On the contrary, this formula $\forall g\epsilon G;[g\bullet f](x):=g*f(g^{-1}*x),f\epsilon Y^{X}, x\epsilon X$ is correct, but I fail to comprehend it completely. I'm also curious how it (the correct one) was derived from the basic formula of group action on set. P.S. $G : X$ notation stands for group action on a set.
So $G$ acts on sets $X$ and $Y$ (on the left). On the set $Y^X$ of all maps $X \to Y$ we try to define an action of $G$. Of course $(gf)(x):=g f(gx)$ doesn't work since you can immediately check that this doesn't satisfy $(gh)f = g(hf)$. But when you define $(gf)(x):=g f(g^{-1} x)$, then we have $1f=f$ (clear) and $(gh)f=g(hf)$ , since for all $x \in X$ we have $$g(h(f))(x)=g h(f)(g^{-1}x) = g (h f(h^{-1} g^{-1} x))=gh f((gh)^{-1} x) =((gh)f)(x)$$ This action might seem strange at first sight, because the inverse is involved. But it has the nice property that it is, in fact, an action, and notice that the fixed points (i.e. those functions $f$ with $gf=f$ for all $g \in G$) are exactly the $G$-equivariant maps $X \to Y$. In symbols, we have $\hom(X,Y)^G = \hom_G(X,Y)$. This is quite useful.
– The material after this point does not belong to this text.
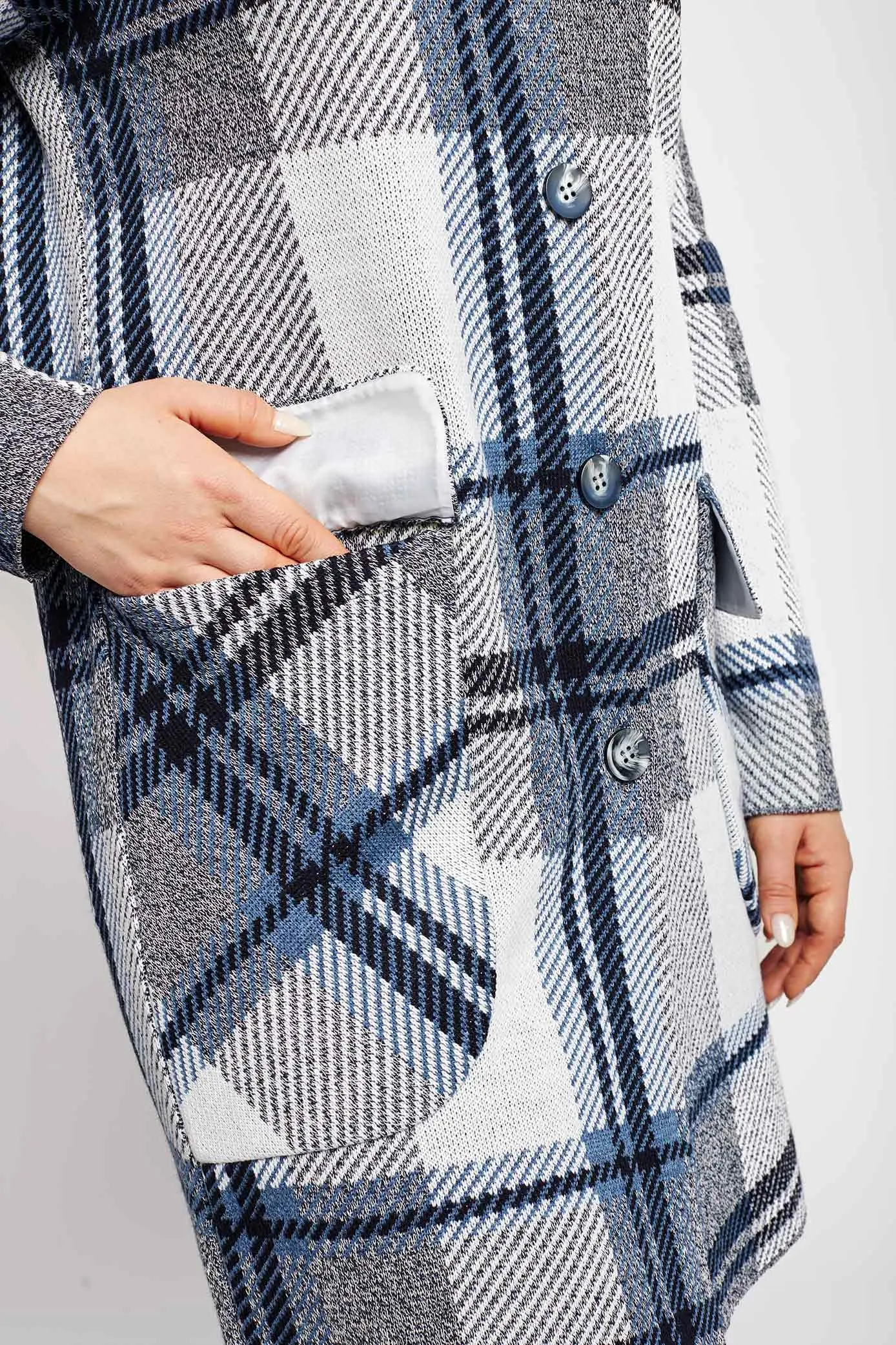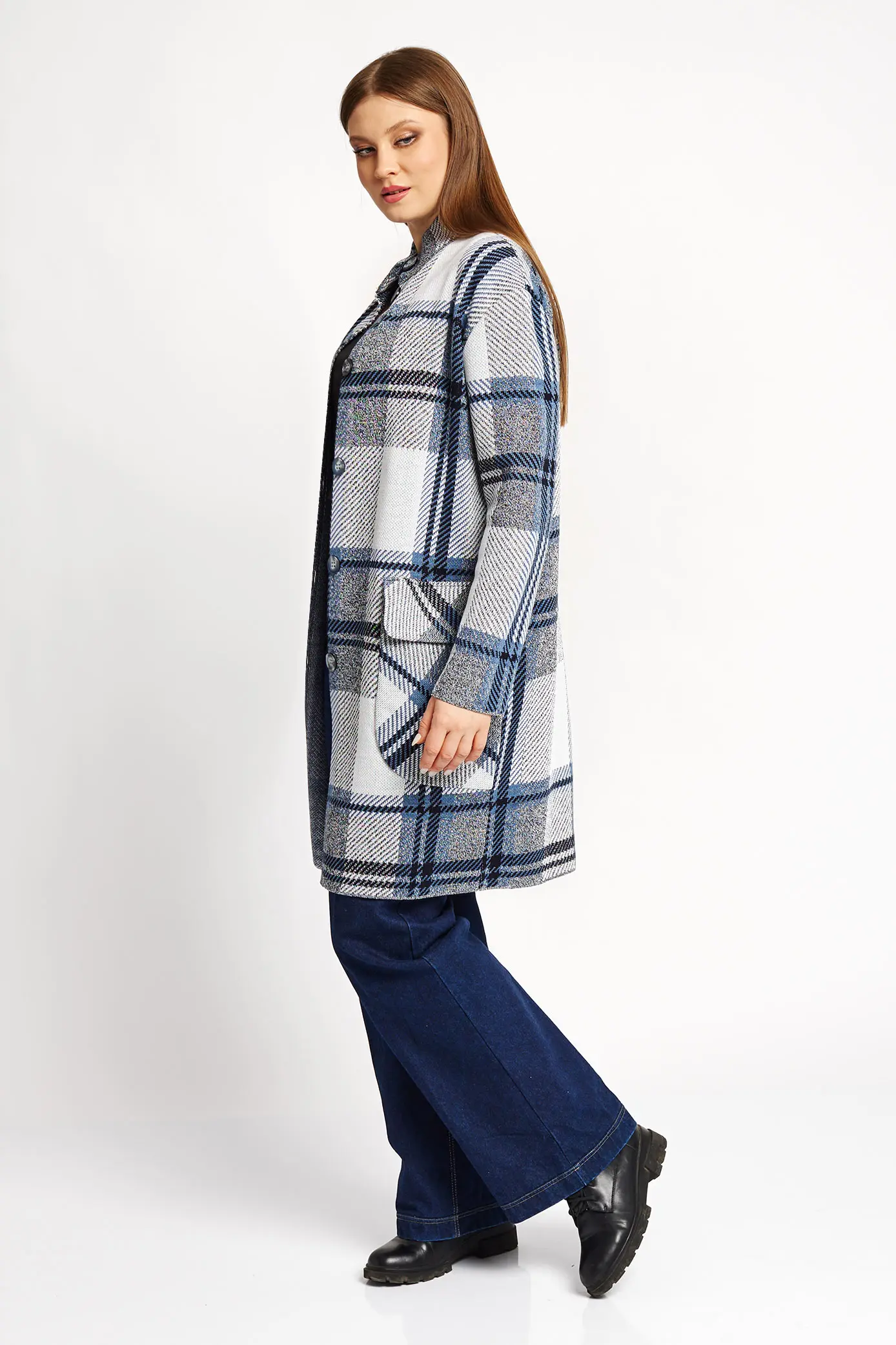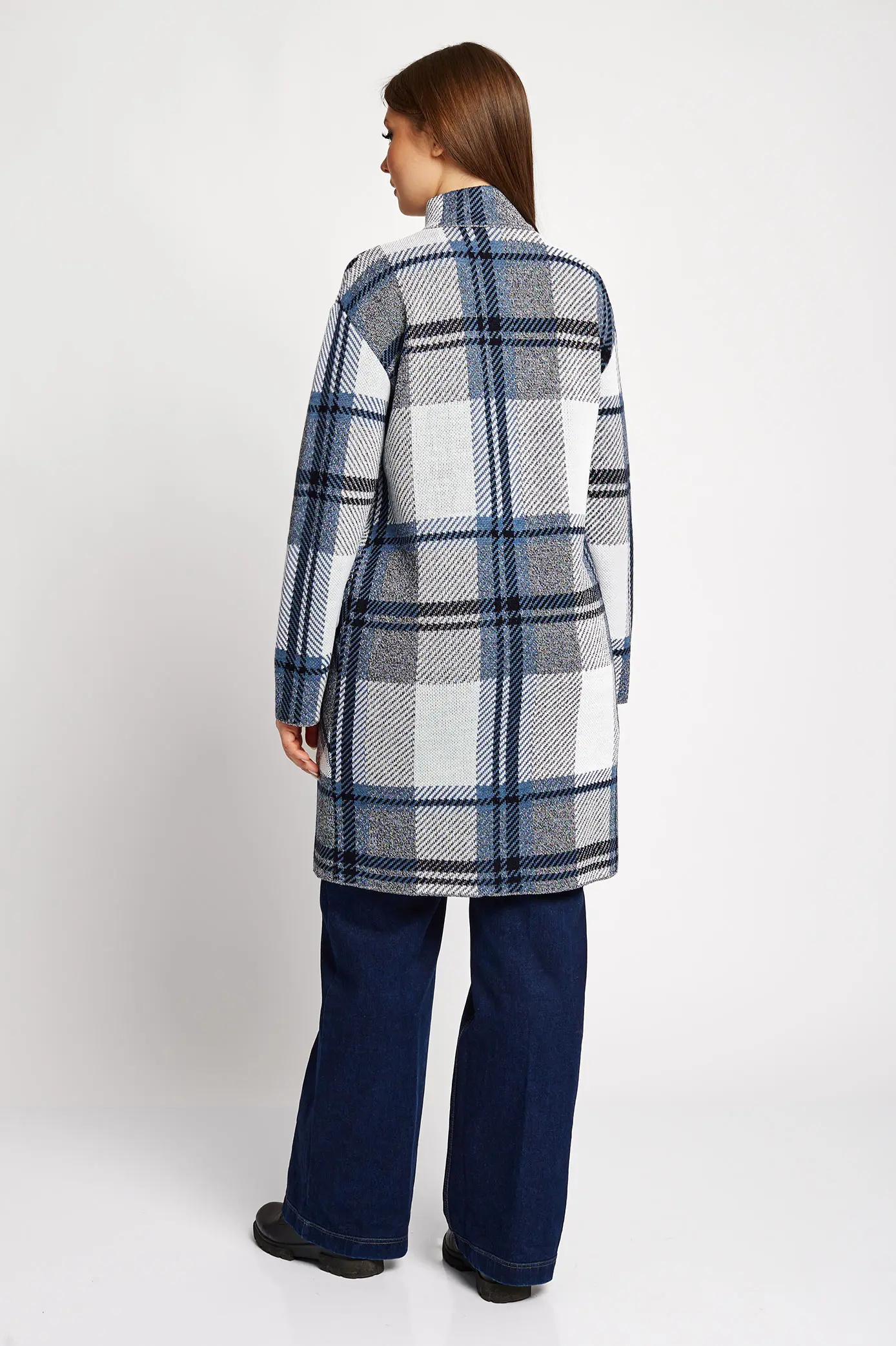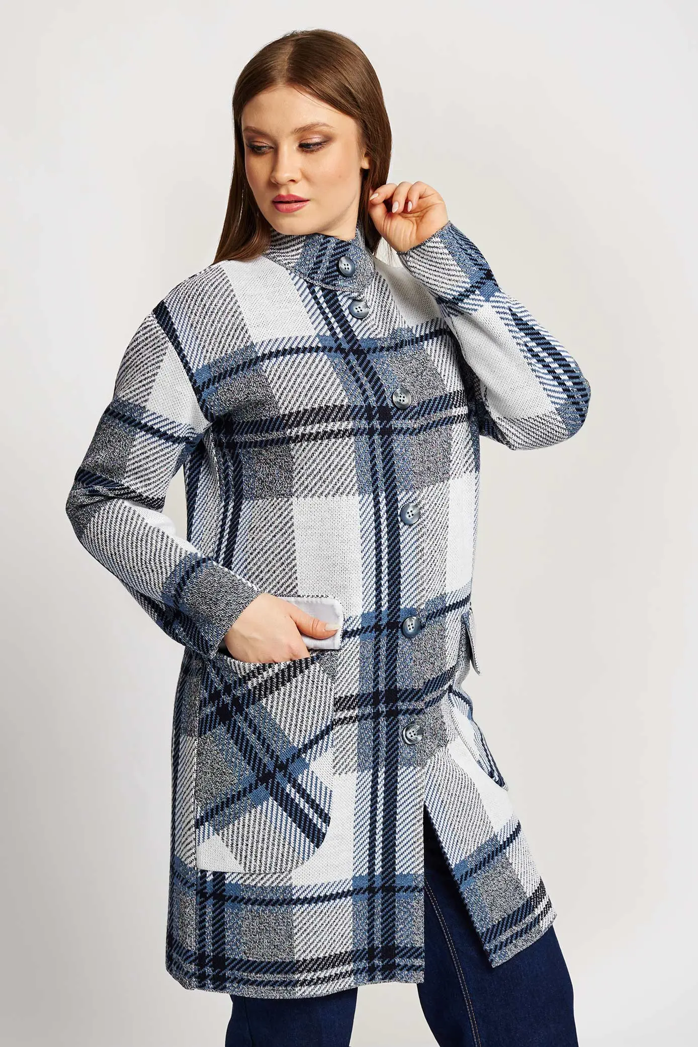 Женский вязаный кардиган, прямого силуэта, на пуговицах. Воротник-стойка. Спущенное плечо, рукав втачной длинный. Карманы накладные с клапаном. Кардиган выполнен жаккардовым переплетением рисунок клетка.

Also notice the following more general construction: Let $G$ act on $X$ on the right and let $H$ act on $Y$ on the left. Then $Y^X$ has an action from $G \times H$ on the left, defined by $((g,h)f)(x):=h f(xg)$. By taking inverses, any right action can be turned into a left action, and vice versa. But this inverse-free construction works in great generality (closed symmetric monoidal categories where $G,H$ are replaced by arbitrary monoid objects), a special case being modules over rings. Notice that the right action of $G$ on $X$ becomes a left action of $G$ on $Y^X$ because $X \mapsto Y^X$ is a contravariant functor.